I hear voices outside, outdoor crying breaking the slow hum of our afternoon. I glance out my upstairs window to find a toppled red tricycle in the street in front of our house, and a little girl holding her knee close, tears watering our grass. Big brother bends over her, his own bike quickly discarded nearby. My instinct tells me to run out, but I hesitate, not wanting to scare a tiny, hurt girl even more by some stranger running out of her house, coming to the “rescue.” I watch one more moment, but my Mama heart can tell, this is not some “just-let-me-gather-my-senses,” little-girl fall. Those wails are ones of boo-boos that definitely need band-aids. I throw my hesitancy, along with the half-folded towel upon the bed, and run down the stairs and out the front door.

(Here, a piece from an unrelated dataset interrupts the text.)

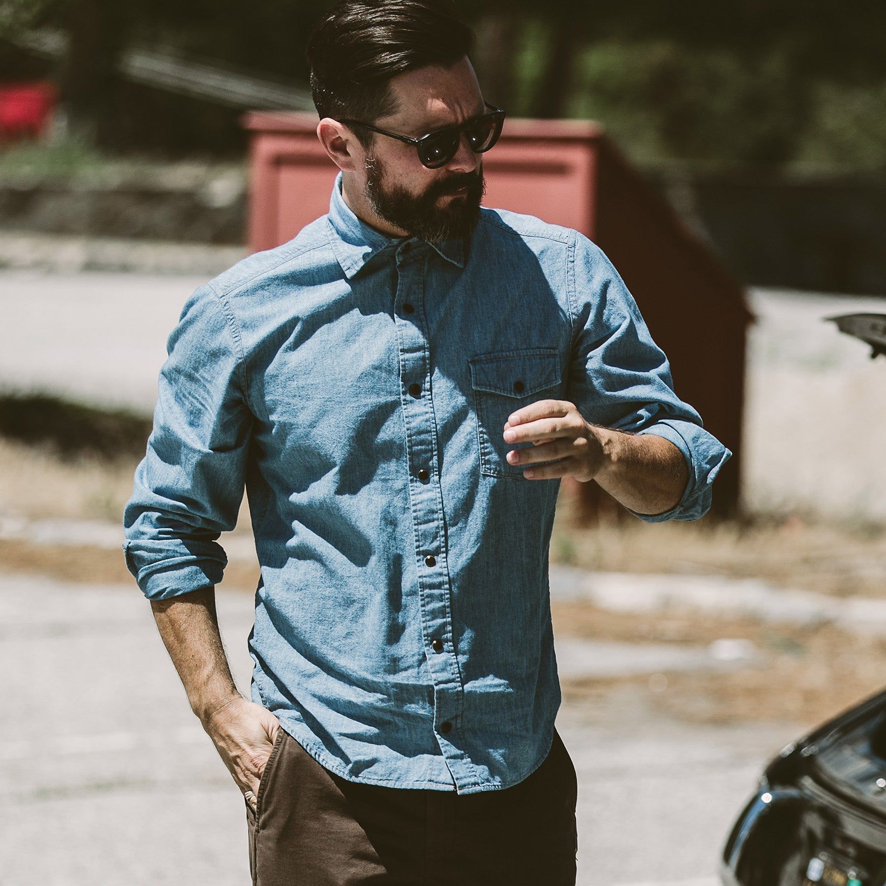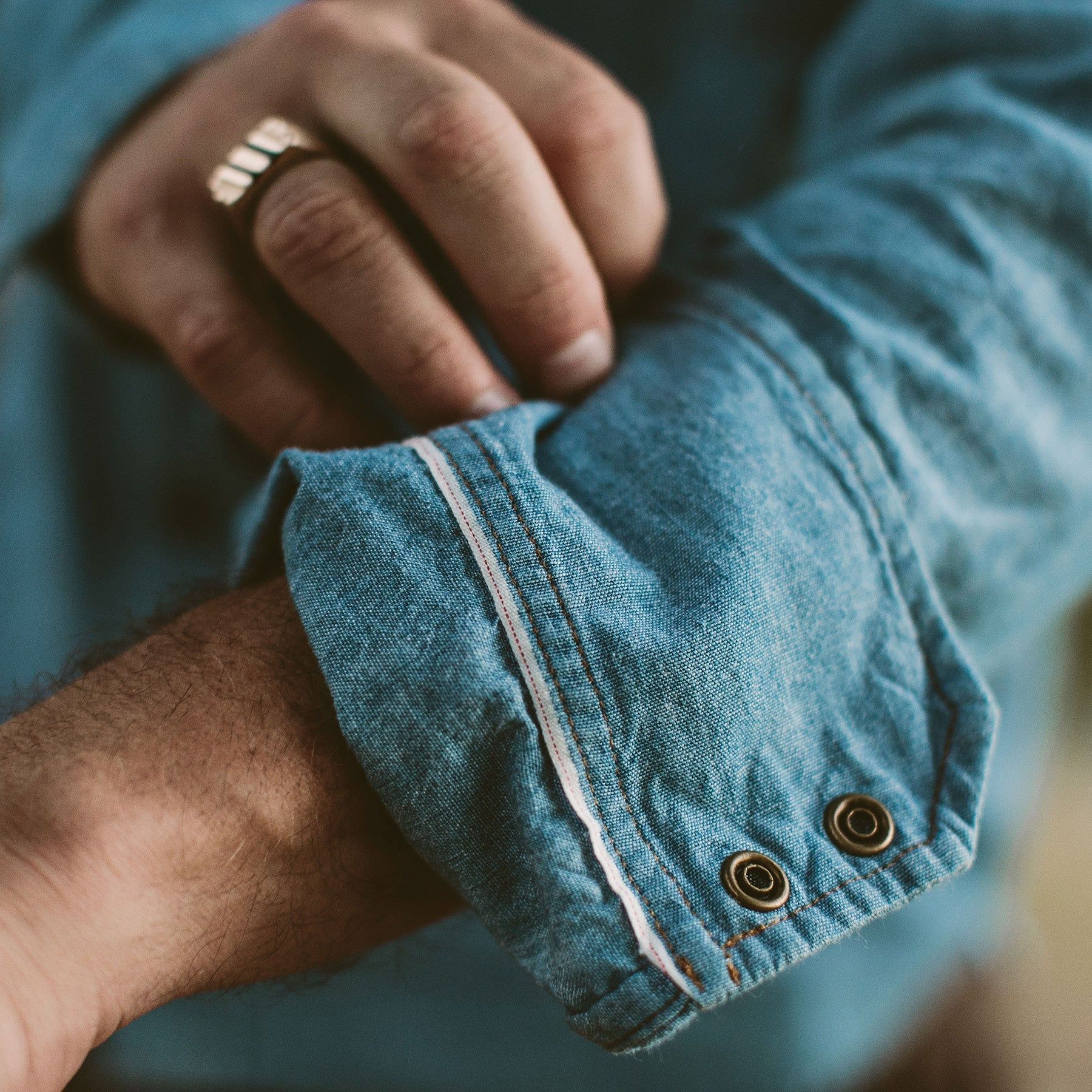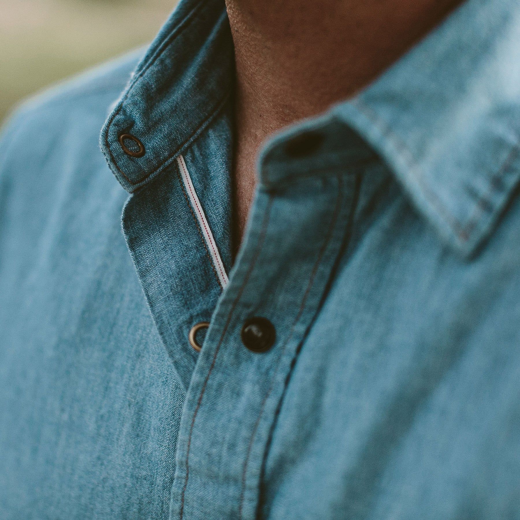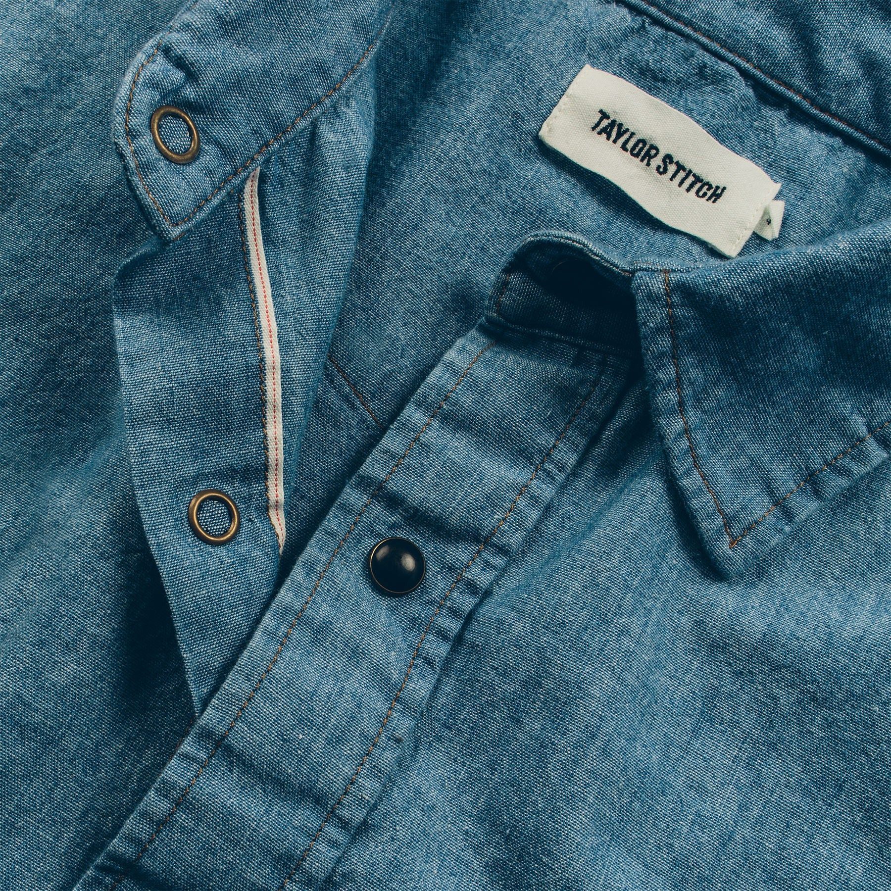 - 7-oz. 100% cotton Japanese selvage chambray.

Big brother looks up. He’s holding a thermos over little sister’s knee, washing off blood and dirt. My heart melts in the Tennessee sun. I introduce myself through the hurt tears and ask how close they live and if she’d like a bandaid? Brown, tear-filled eyes find strength to nod and I run in and out again with Lisa Franks and Neosporin.
She stops crying.
“I didn’t know you had those bandaids,” little three-year-old girl says, pleased.

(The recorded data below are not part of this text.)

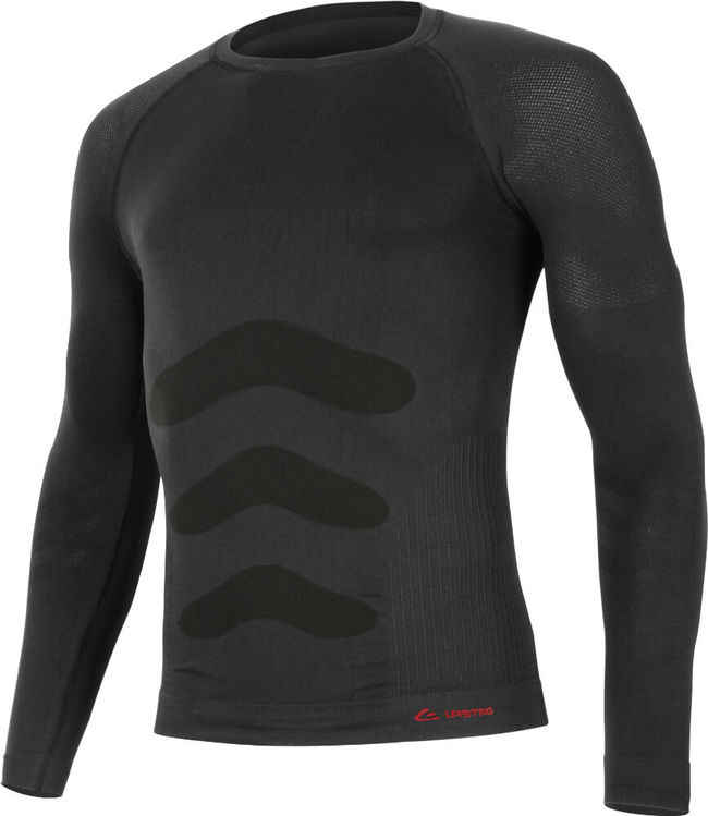 Lasting Apol Black - Чоловіча термофутболка із довгим рукавом, виготовлена із синтетичної тканини. Відмінно підійде для занять у тренажерному залі чи бігу. Швидко виводить вологу та зберігає тепло під час активного заняття спортом або іншою рухомою діяльністю. Футболка має анатомічно розташовані зони у місцях підвищеної пітливості та мінімальну кількість швів для максимального комфорту.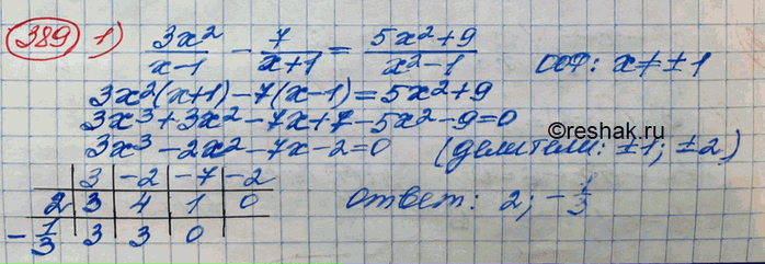 389. 1) 3x2/(x-1) - 7/(x+1) = (5x2+9)/(x2-1);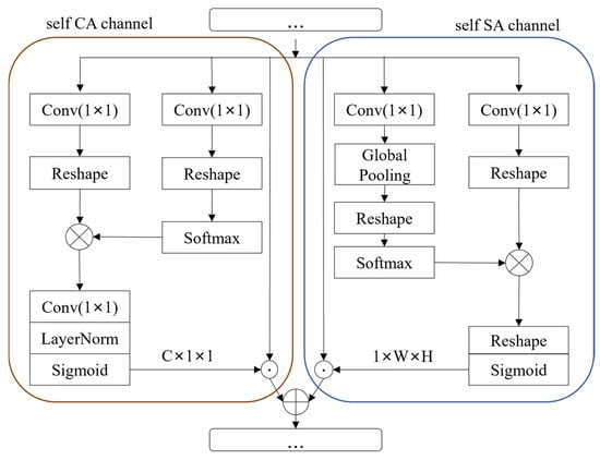 Similarly, in the spatial attention module, 1 × 1 convolution is used to transform features into Q and V. For Q, global pooling is used to compress the spatial dimension, and then, the Softmax operator is used to enhance Q, and V remains unchanged. The spatial branch computes the weight Asp(X) as follows, and σ3 is the tensor reshape operator. FSG represents the nonlinear activation function, σ1, σ2, and σ3 are activation functions for processing linear transformations, FGP denotes the global pooling operation, and Wq(X) and Wv(X) are linear transformation matrices:
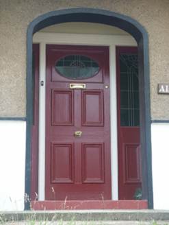Semi-detached three-bay single-storey house, built 1930, with elliptical-headed open internal porch to centre, single-bay single-storey advanced bay to right, and single-bay single-storey gabled advanced end bay to left. One of a pair. Hipped roof (gabled to end bay) with profiled clay tile, clay ridge tiles, rendered (shared) chimney stack having capping supporting terracotta pots, decorative timber bargeboards to gable on consoles having finial to apex, slightly sproketed eaves, and iron rainwater goods on slightly overhanging eaves. Rendered plinth with stringcourse supporting fine roughcast walls having rendered dressings to gable. Square-headed window openings with concrete sills, and timber casement windows incorporating leaded stained glass panels. Elliptical-headed open internal porch with rendered surround, step leading to square-headed door opening with carved timber surround framing timber mullions, and glazed timber panelled door having sidelights on panelled risers. Set back from line of street in own grounds on an elevated site with rendered boundary wall having coping supporting iron railings [VO].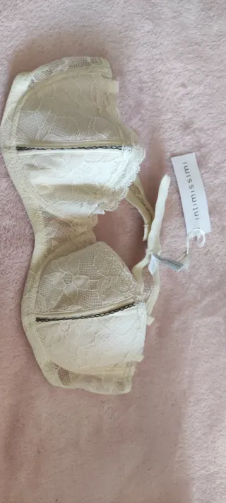 Bellissimo reggiseno Intimissimi a fascia in pizzo panna perfetto per un tocco di eleganza. Taglia 3 nuovo con cartellino In regalo coordinato perizoma nuovo senza cartellino sempre taglia 3

“Yes,” I say, smiling that something like glaring pink and purple can make a little girl so happy.
“Yes, I have two little girls and they just love these bandaids. My oldest is almost 5 and my youngest is 2 and they’re just dying to meet a little girl like you. They’re sleeping right now because we just moved in and they’re pretty tired, but you come back any time you want and they’d just love to play.”
Her eyes light up and I think I’ve just met my first true friend of the neighborhood. My heart brims.
I am learning that life is a constant ebb and flow and nothing, save One, ever stays the same. Marriages, friendships, neighborhoods, day-to-day living, they all change as life’s web is spun to contain all our Creator wants to give us. Change is exciting. It’s hard. It’s scary. It’s fun. And even though things change, they don’t have to change for worse. We hold on to all that was, everything and everyone still a part of us, forever. And we open hands and arms wide, accepting all the Lord still has for us. Moving does not mean you let go. It just means you hold those you love from a different angle.